I like to pray in spoken word, and my experiences seem to resonate with many in the audiences. This prayer is a thank-you to God for His transformation:
CHILD OF THE KING
Abandoned then adopted
Broken then restored
Rejected then accepted
Scarred but made new
Doomed then redeemed
I am the child of the King
Chosen since before time by the Highest to do a great thing
Once torn down by the world and the deceit of the enemy
Believing I was left behind, defeated and disjointed
But my Father has chosen, anointed, and appointed me
Me. The one who watched everything I thought was good be demolished
Me. Treated like a black leather shoe unpolished for the streets and frowned upon everywhere else
Spent countless nights wishing I could be anybody but myself
Until I realized that I am the child of the King
Until I learned the dissemination of grace that seemed to hit everybody but me was really my portion
That I was forgiven of my sins
He canceled out the shame of a lifetime of purpose abortion
He honestly did work it out for my good using every piece of my story
That He would take the deepest darkest places and illuminate them for His glory
My God. He took every burden, broke every chain, freed me of yokes, and removed the mind monsters from my brain
Glory to the King, through His transformative power I will never be the same
Restored to my place of dominion and authority over creation I’ll reign
All because of Jesus, my Savior, who laid down His life
so that I would have it more abundantly
The one who performed miracles as our blueprint and said we do greater works than He
The Lord of Lords when we were blind made us see, deaf let us hear, far drew us near, mute let us talk On the water showed us to walk and said to use our faith to move mountains
The one who called us to repent and spoke to our unseen
Released the Holy Spirit and called us redeemed
Made us joint-heirs to the kingdom. Our Father is the king; the ruler of the new heaven and the new earth
Washed away my transgressions and gave me a new birth
That is why I am no longer abandoned, rejected, broken, scarred or doomed
I am adopted, accepted, restored, and made new and redeemed.

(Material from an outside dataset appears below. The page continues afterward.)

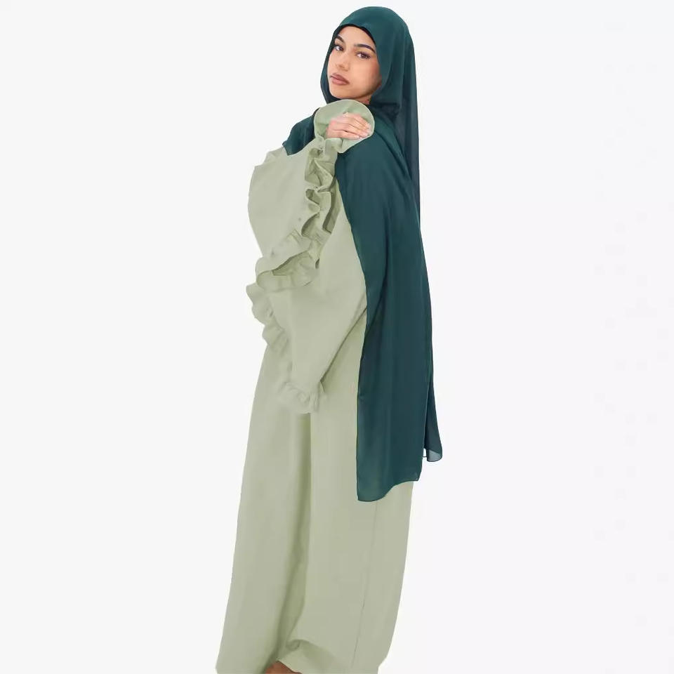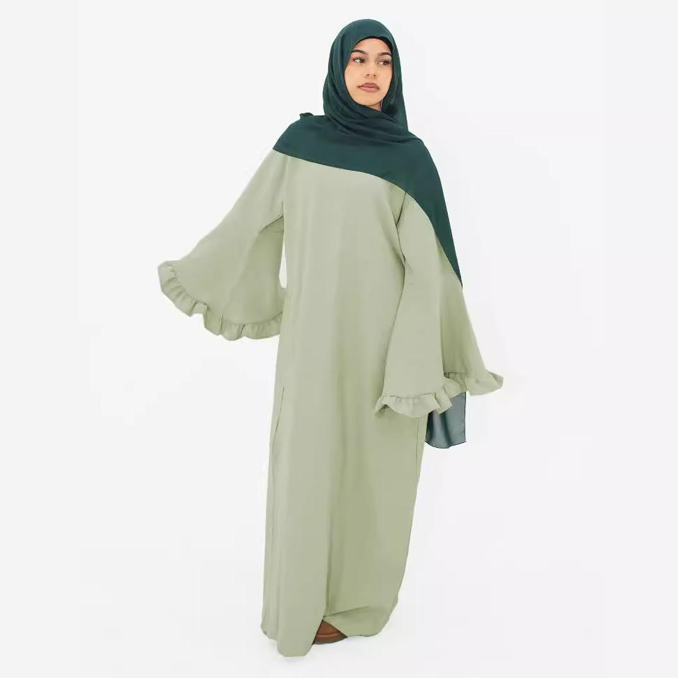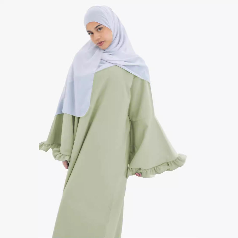 ชุดอาบายะห์ผ้าชีฟองสีพื้นเรียบหรู ยาวคลุมเท้า ซักได้ เหมาะสำหรับสตรีชาวมุสลิม ใส่ไปงานประชุม งานเลี้ยงน้ำชา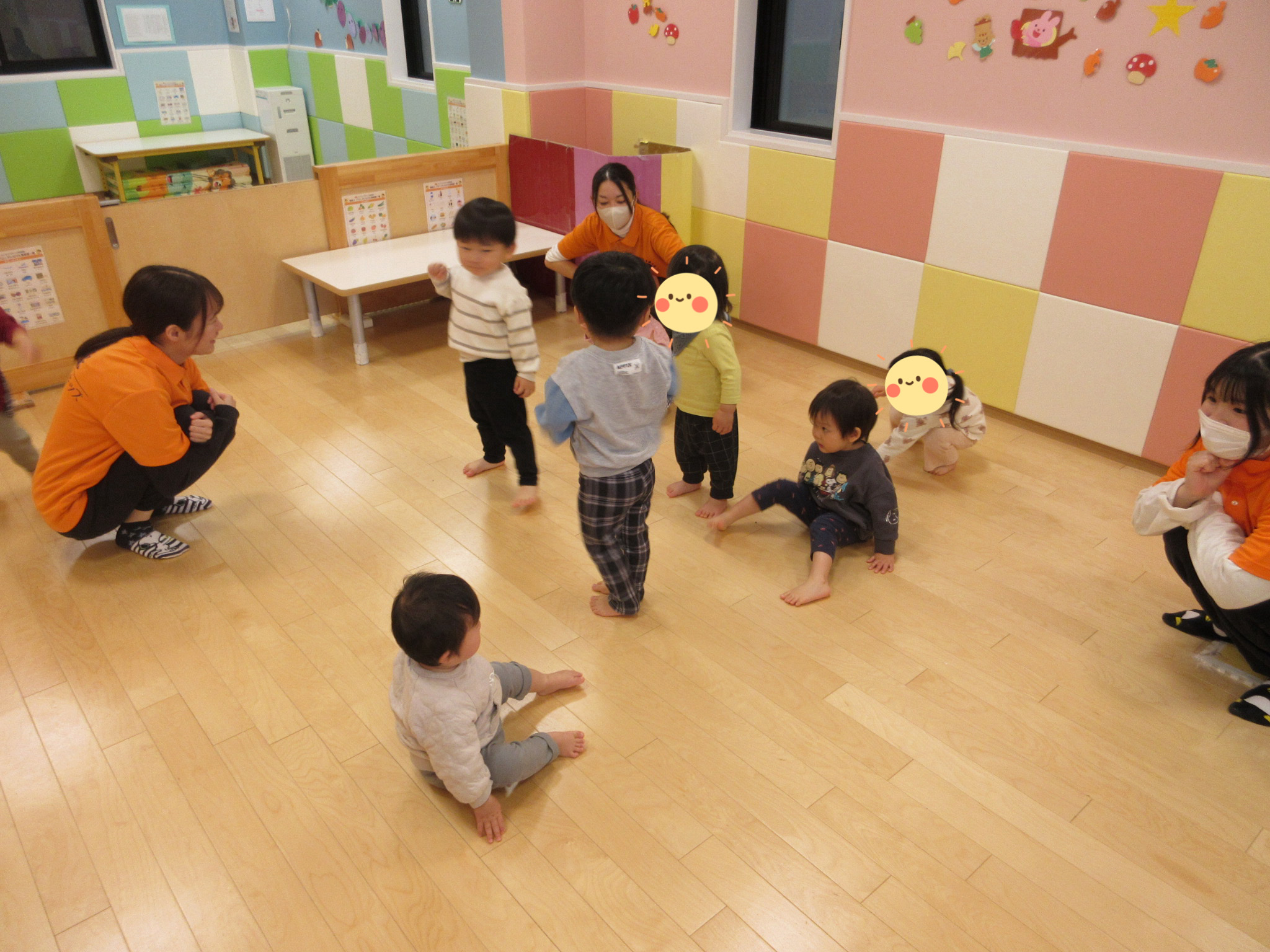 この日は、「ピカピカブー」と「エビカニクス」の2曲を踊りました!どの子も、ノリノリで音楽に合わせて楽しんでいますよ![]()

— Written by Breonna Rostic and excerpted from Blessed Is She. Used by permission of Our Daily Bread Publishing®, Grand Rapids MI. All rights reserved. Further distribution is prohibited without written permission from Our Daily Bread Publishing® at permissionsdept@odb.org. Click here to connect with Bree.
57 Responses
We serve an awesome God! I love the Word! Thank you for trusting & touching us with your beautiful testimony. God truly hears us.
Justine, we do!! So grateful for your words.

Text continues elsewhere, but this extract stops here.